Regarding rankings, the city of Hamilton is the 17th most expensive city to rent a one-bedroom unit out of the 35 cities examined.

The report notes that condo studios were the only housing type to record a Canada-wide annual decline in asking rents during May.

Meanwhile, purpose-built studios experienced the fastest annual growth of 17.8 per cent in May.

Purpose-built units are those in properties that are built specifically for rental or long-term tenancy and usually include amenities such as fitness areas, swimming pools, and communal spaces.

The report also notes that Quebec was the only province to record a month-over-month decline in apartment rents in May, down 0.6 per cent from April to an average of $1,999.
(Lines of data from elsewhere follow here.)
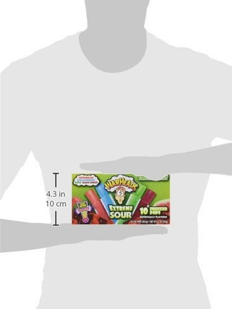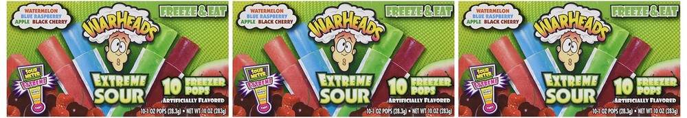 Warheads Extreme Sour 10 Freezer Pops (Pack of 3) Product Details Brand: Warheads Flavor: Apple,Raspberry,Watermelon,Cherry Item Form: Stick Unit Count: 30 Ounce Number of Items: 3 Is Discontinued By Manufacturer : No Package Dimensions : 8.11 x 4.41 x 4.25 inches; 1 ounces Units : 30 Ounce Best Sellers Rank: #86,261 in Grocery & Gourmet Food (See Top 100 in Grocery & Gourmet Food) #110 in Popsicles & Juice Bars #110 in Popsicles & Juice Bars Customer Reviews: 4.3 4.3 out of 5 stars 123 ratings
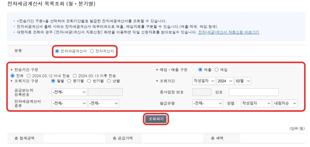 → 전자(세금)계산서 조회 → 전자(세금)계산서 월/분기별 목록조회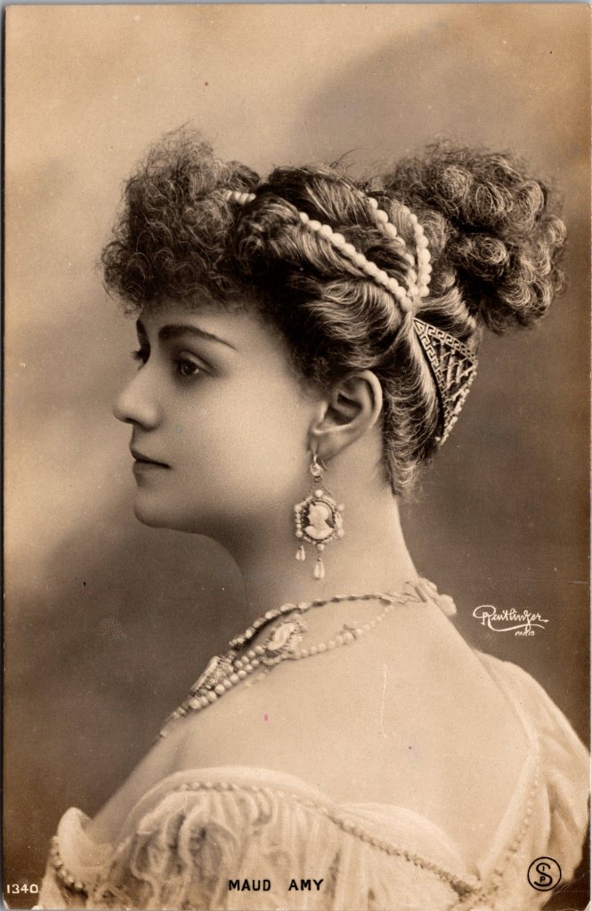 This vintage real photo postcard features a beautiful French actress named Maud Amy. Her name appears in theater magazines around the year 1904. Miss Amy is adorned with a number of necklaces and hair pieces as well as Cameo earrings. The photo seen on this postcard, was taken by Leopold Reutlinger. He was a famous celebrity photographer of his era. He operated a studio in Paris, France. This postcard was published by SIP as part of a series (no 1340). (SOLD)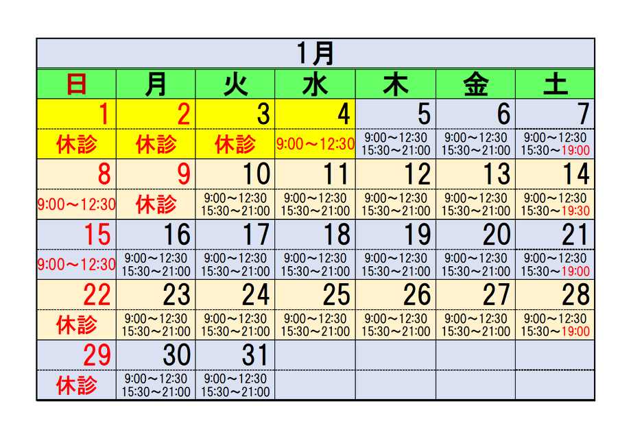 令和5年1月の予定を掲載致します。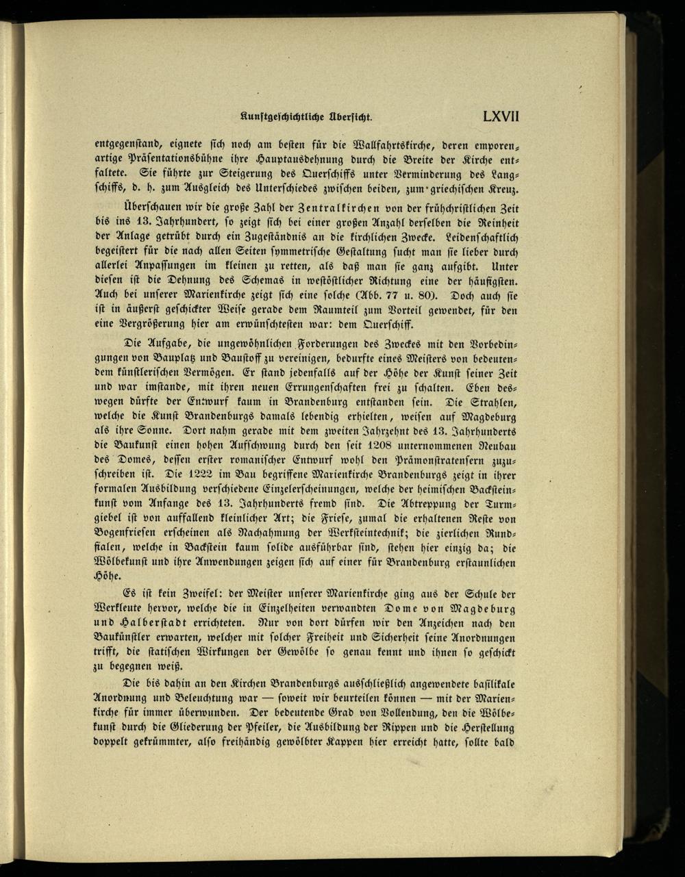 Die bis dahin an den Kirchen Brandenburgs ausſchließlich angewendete baſilikale Anordnung und Beleuchtung war— ſoweit wir beurteilen können— mit der Marienkirche für immer überwunden. Der bedeutende Grad von Vollendung, den die Wölbe— kunſt durch die Gliederung der Pfeiler, die Ausbildung der Rippen und die Herſtellung doppelt gekrümmter, alſo freihändig gewölbter Kappen hier erreicht hatte, ſollte bald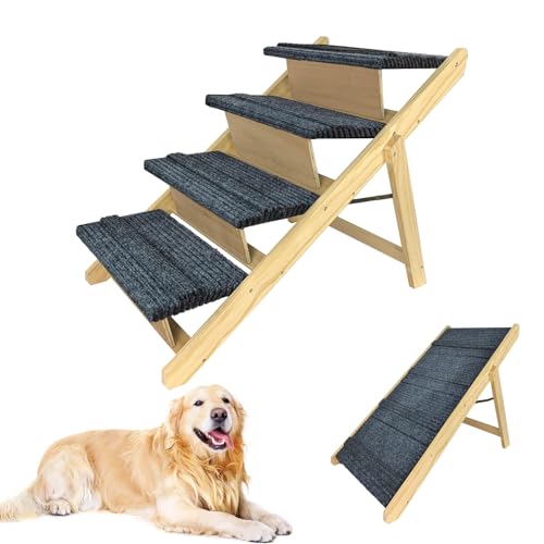 LZQ HAG7511B) 2-i-1 hundtrappa hundrampa bil hopfällbar för små hundar och katter, bärbar hundstege husdjurstrappa av trä med halkfri matta för säng, soffa, upp till 80 kg

Meanwhile, apartment rents in Nova Scotia (+17.1 per cent), Alberta (+17.5 per cent), and Saskatchewan (+21.4 per cent) rose significantly.

Topping the list as most expensive (of the 35 cities in the report) are: Vancouver, BC; Burnaby, BC; Toronto, ON; Mississauga, ON; and North York, ON.
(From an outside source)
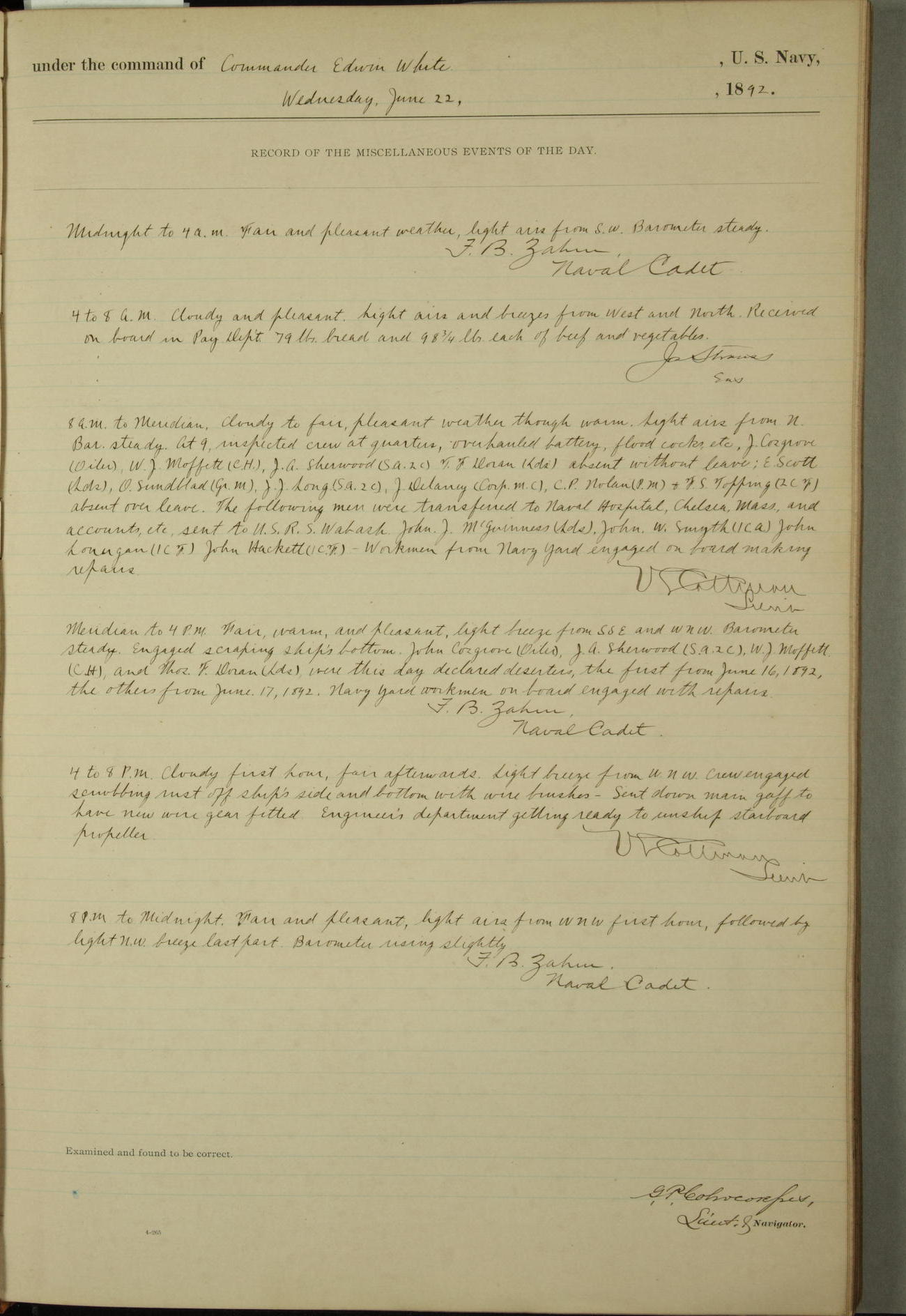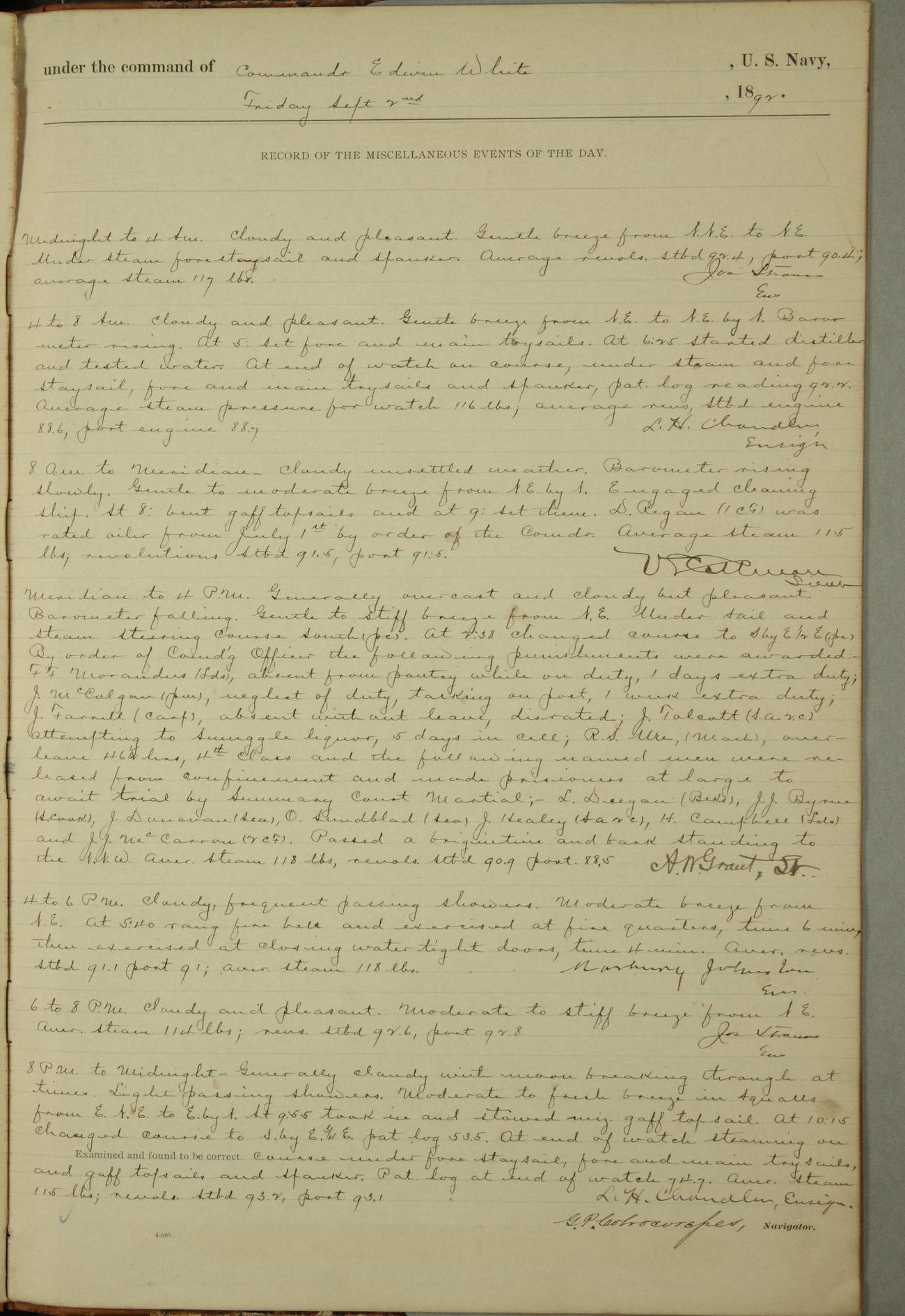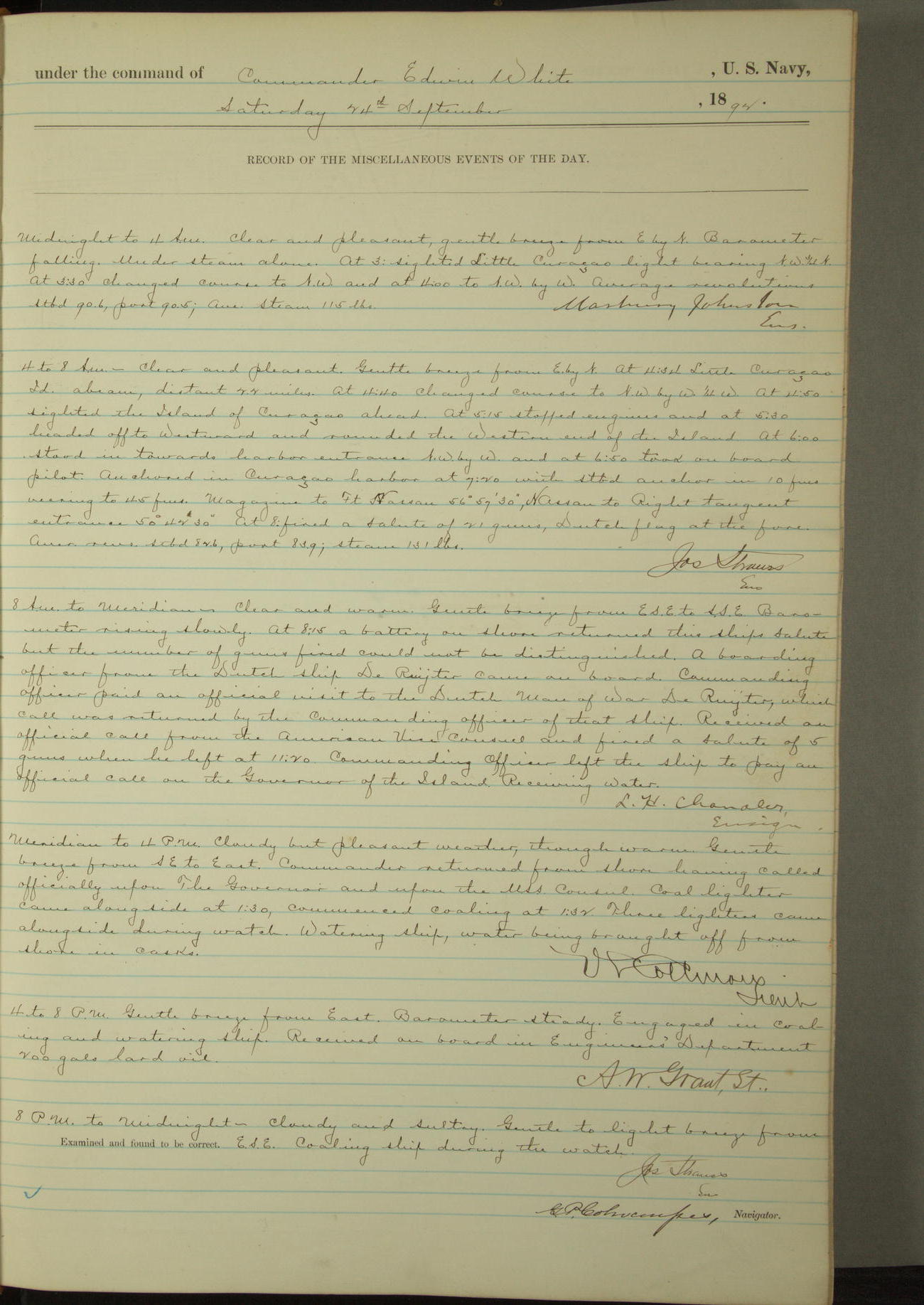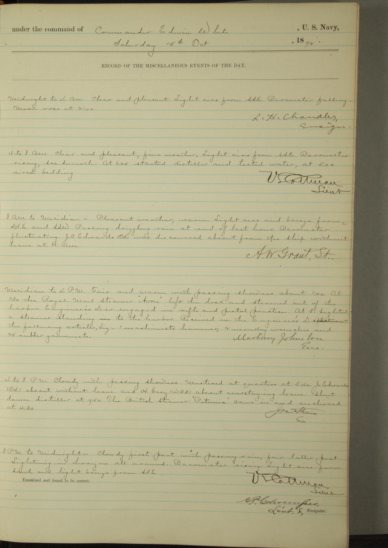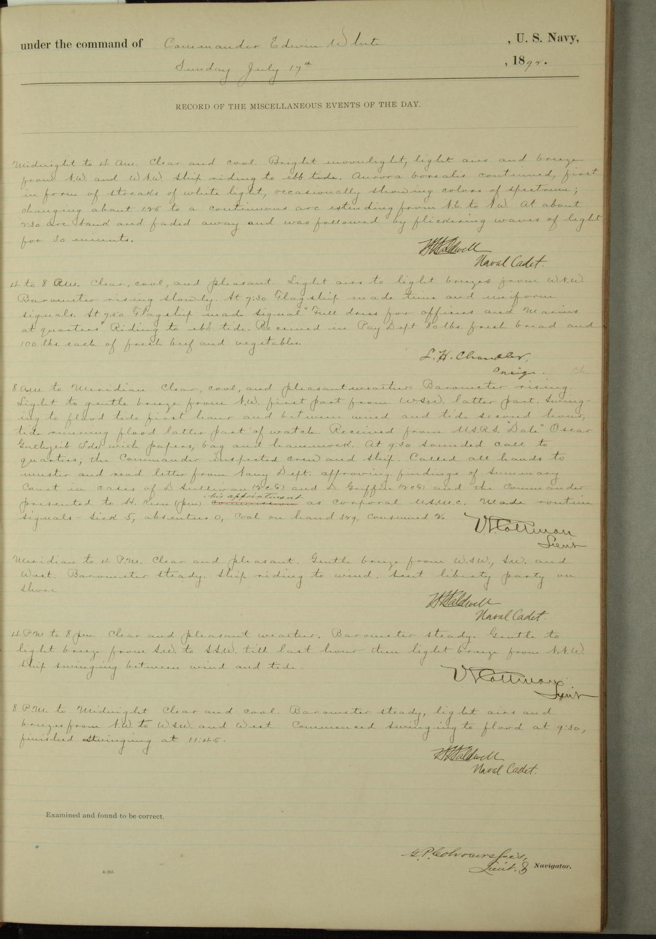 Examined and found to be correct. G. P. Ch????npes, Louit. G. Navigator

The most affordable (of the 35 cities in the report) are: St. John’s, NL; Fort McMurray, AB; Saskatoon, SK; Regina, SK; and Quebec City, QC.


Other Hamilton-area cities included in the analysis are Burlington, Brantford, St. Catharines, and Niagara Falls.

Burlington ranks as the 7th most expensive one-bedroom unit rent with an average of $2,196, Brantford is the 18th most expensive at $1,800, St. Catharines is the 25th most expensive at $1,680, and Niagara Falls is the 26th most expensive at $1,616.


The data used in the Rentals.ca analysis is based on monthly listings from the Rentals.ca Network of Internet Listings Services (ILS). 

The rankings and report are written by real estate research firm Urbanation.

The data differs from the numbers collected and published by the Canada Mortgage Housing Corporation (CMHC).

The Rentals.ca Network of ILS’s data covers both the primary and secondary rental markets and includes basement apartments, rental apartments, condominium apartments, townhouses, semi-detached houses, and single-detached houses.

The report’s writers say that CMHC rental rates are reflective of what the average household spends on rental housing and not the current market rents for vacant units.